No século XIII, o enforcamento passou a ser associado a um método de execução mais brutal conhecido como “enforcado, desenhado e esquartejado”. Este tipo de pena capital era reservado para crimes de traição, considerados crimes contra a coroa e a nação. O processo envolvia arrastar o condenado até o local da execução, enforcá-lo até quase a morte, e depois esquartejá-lo, com os membros ou a cabeça frequentemente exibidos publicamente como um aviso a outros potenciais criminosos.

No entanto, a prática de enforcamento passou por mudanças significativas ao longo dos séculos. No século XVIII, surgiu a prática conhecida como “nova queda” ou “queda longa”. Esse método foi introduzido pela primeira vez na Prisão de Newgate, em Londres, em 1783, e envolvia forcas projetadas para acomodar múltiplos condenados ao mesmo tempo. O método mais eficiente de causar a morte rápida, a “queda longa” , foi visto como mais humano do que a asfixia prolongada do enforcamento tradicional.

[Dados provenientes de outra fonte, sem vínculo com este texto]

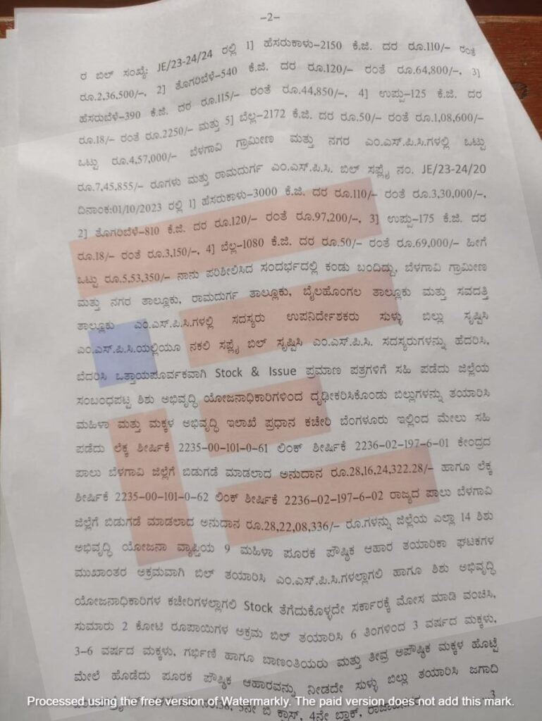 ಕೇಂದ್ರದ ಪಾಲು (ಲೆಕ್ಕ ಶೀರ್ಷಿಕೆ; 2235-00-101-0-61 ಲಿಂಕ್ ಶೀರ್ಷಿಕೆ 2236-02-197-7-01) 28.16 ಕೋಟಿ ರು., ರಾಜ್ಯದ ಪಾಲಿನ 28.22 ಕೋಟಿ ರು.ಗಳು ಬೆಳಗಾವಿ ಜಿಲ್ಲೆಗೆ ಬಿಡುಗಡೆಯಾಗಿತ್ತು. ಈ ಮೊತ್ತವನ್ನು ಬೆಳಗಾವಿ ಜಿಲ್ಲೆಯ 14 ಶಿಶು ಅಭಿವೃದ್ಧಿ ಯೋಜನಾ ವ್ಯಾಪ್ತಿಯ 9 ಮಹಿಳಾ ಪೂರಕ ಪೌಷ್ಠಿಕ ಆಹಾರ ತಯಾರಿಕೆ ಘಟಕಗಳ ಮುಖಾಂತರ ಅಕ್ರಮವಾಗಿ ಬಿಲ್ ತಯಾರಿಸಲಾಗಿತ್ತು ಎಂದು ಪತ್ರದಿಂದ ತಿಳಿದು ಬಂದಿದೆ.
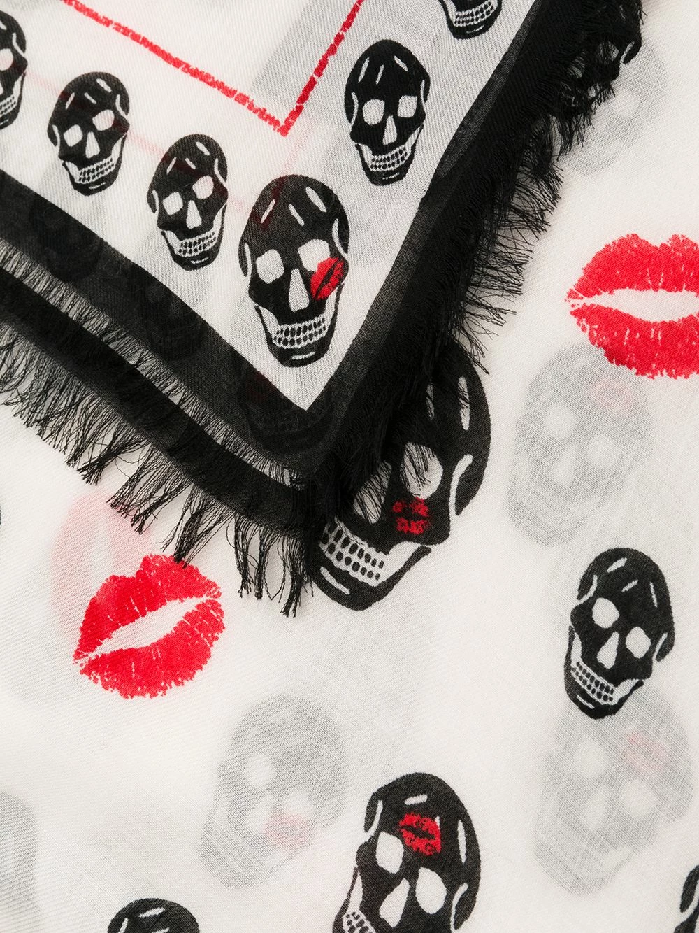 Incorporate Alexander McQueen’s signature skull motif into everyday looks with this iconic black, red and white scarf. Featuring fringed edges and a logo print, this coveted skull and lips stamped piece exudes edge and sophistication; trademarks of the Alexander McQueen brand.
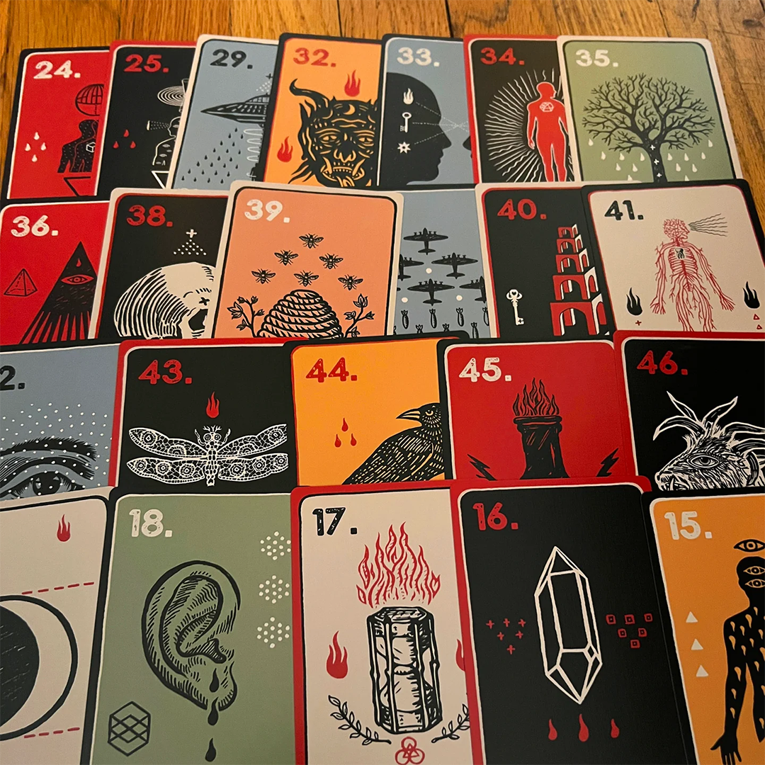 - 63 cards total (size: 8.1 x 12.7cm)
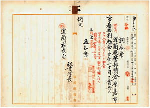 一二 宜蘭庁長小松吉久ノ内申ニ依リ宜蘭庁警部補倉原嘉市ニ事務格別勉励ニ付キ一時金ヲ賞与ス
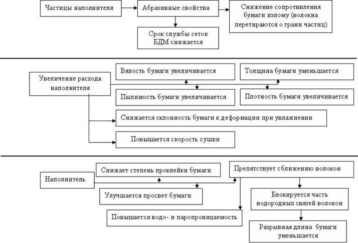 Рис. 32 - Влияние наполнителя на свойства бумаги
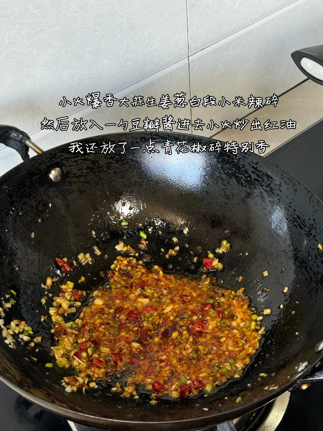 1. 带鱼是菜市场买的,看着还挺新鲜 2. 南方这边的菜市场都是会帮忙处理好的 用剪刀剪开,把里面的肠处理掉就可以了 3. 带鱼切成大小相等的块用厨房纸吸干净水分,然后两面裹上淀粉待用 4. 小火爆香大蒜生姜葱白段小米辣碎然后放入一勺豆瓣酱进去小火炒出红油我还放了一点青花椒碎特别香 5. 煎好的带鱼放进锅里加入一勺料酒,一勺薄盐生抽一丢丢蚝油,少许糖,轻轻的翻炒匀,加入少许青椒丝然后加小半碗的水中小火稍微煮一会儿之入味,适量鸡粉调味即可,出锅前撒少许葱花即可
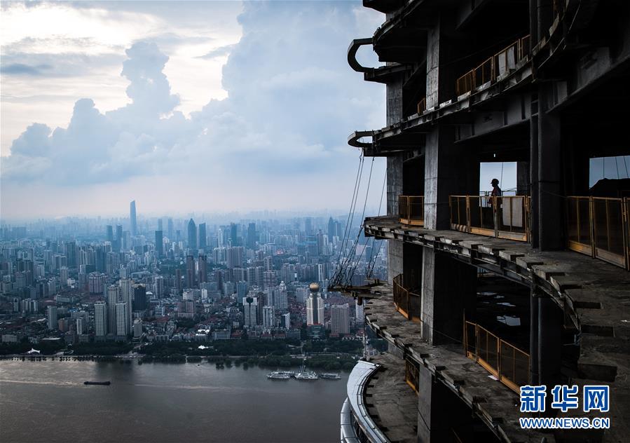 8月11日,一名工人在武漢綠地中心項目建設(shè)現(xiàn)場近500米的高空遠(yuǎn)眺。新華社記者肖藝九攝

A Queima e o Desaparecimento do Desaparecimento

Embora o enforcamento tenha sido o método predominante, outras formas de pena capital também foram usadas. A queima na fogueira, por exemplo, era uma forma comum de execução para aqueles condenados por heresia no século XI e traição a partir do século XIII. A prática foi amplamente empregada durante o reinado de Maria I, que procurou restaurar o catolicismo na Grã-Bretanha. Aproximadamente 220 dissidentes protestantes foram queimados na fogueira sob seu governo, o que lhe conferiu o apelido de “Bloody Mary” (Maria Sangrenta).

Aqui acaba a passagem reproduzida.